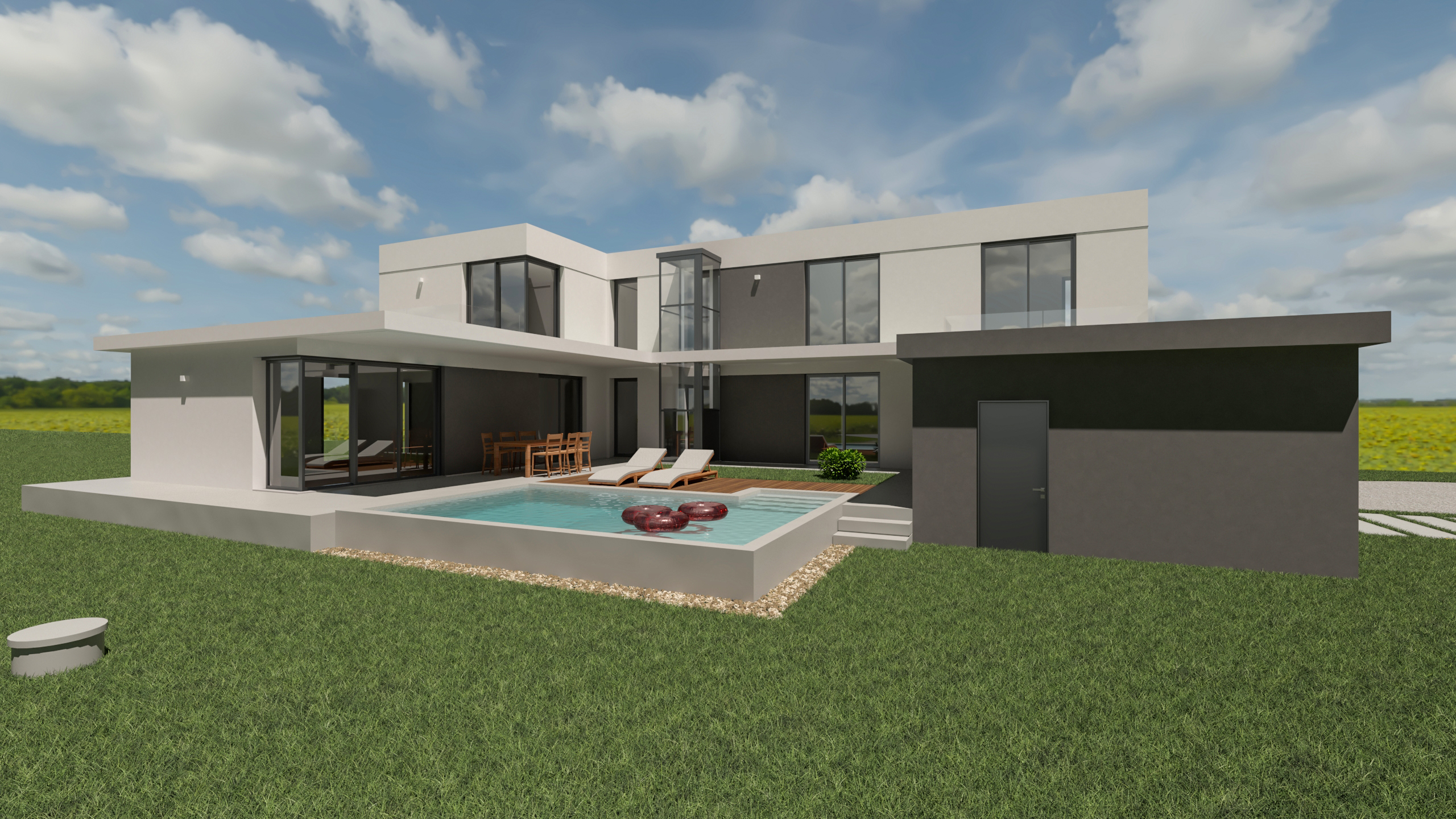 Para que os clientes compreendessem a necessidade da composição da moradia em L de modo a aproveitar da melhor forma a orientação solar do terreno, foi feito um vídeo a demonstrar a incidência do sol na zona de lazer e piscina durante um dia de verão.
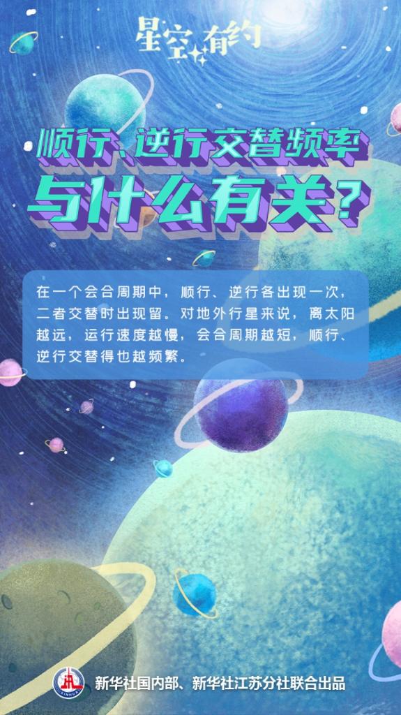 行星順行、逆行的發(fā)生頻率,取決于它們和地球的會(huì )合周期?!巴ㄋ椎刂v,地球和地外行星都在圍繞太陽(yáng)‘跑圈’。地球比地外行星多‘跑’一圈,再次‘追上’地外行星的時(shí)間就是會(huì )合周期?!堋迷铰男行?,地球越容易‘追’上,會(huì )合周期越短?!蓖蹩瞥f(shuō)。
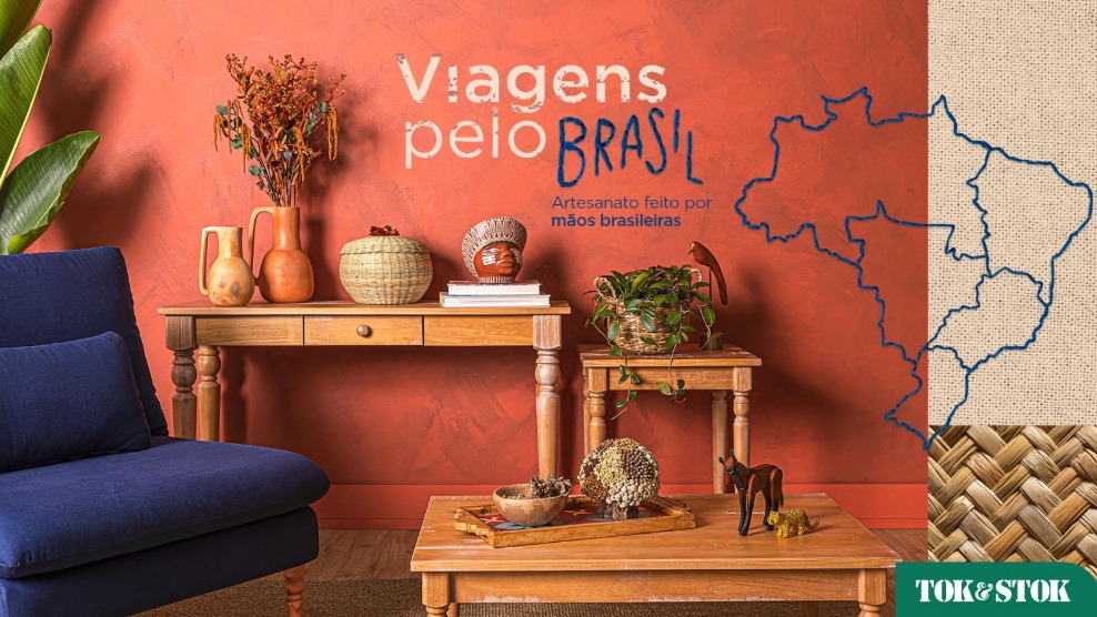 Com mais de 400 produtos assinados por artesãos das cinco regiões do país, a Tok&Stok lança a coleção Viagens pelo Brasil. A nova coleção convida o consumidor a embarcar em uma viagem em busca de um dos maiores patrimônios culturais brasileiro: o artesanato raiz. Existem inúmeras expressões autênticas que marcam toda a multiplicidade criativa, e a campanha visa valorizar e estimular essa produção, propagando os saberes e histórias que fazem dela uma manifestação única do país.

§ WHAT NEEDS TO BE DONE:
Give the data above again in full and unchanged, skipping the pictures.

§ RESULT FOR THIS EXERCISE:
 Para que os clientes compreendessem a necessidade da composição da moradia em L de modo a aproveitar da melhor forma a orientação solar do terreno, foi feito um vídeo a demonstrar a incidência do sol na zona de lazer e piscina durante um dia de verão.
 行星順行、逆行的發(fā)生頻率,取決于它們和地球的會(huì )合周期?!巴ㄋ椎刂v,地球和地外行星都在圍繞太陽(yáng)‘跑圈’。地球比地外行星多‘跑’一圈,再次‘追上’地外行星的時(shí)間就是會(huì )合周期?!堋迷铰男行?,地球越容易‘追’上,會(huì )合周期越短?!蓖蹩瞥f(shuō)。
 Com mais de 400 produtos assinados por artesãos das cinco regiões do país, a Tok&Stok lança a coleção Viagens pelo Brasil. A nova coleção convida o consumidor a embarcar em uma viagem em busca de um dos maiores patrimônios culturais brasileiro: o artesanato raiz. Existem inúmeras expressões autênticas que marcam toda a multiplicidade criativa, e a campanha visa valorizar e estimular essa produção, propagando os saberes e histórias que fazem dela uma manifestação única do país.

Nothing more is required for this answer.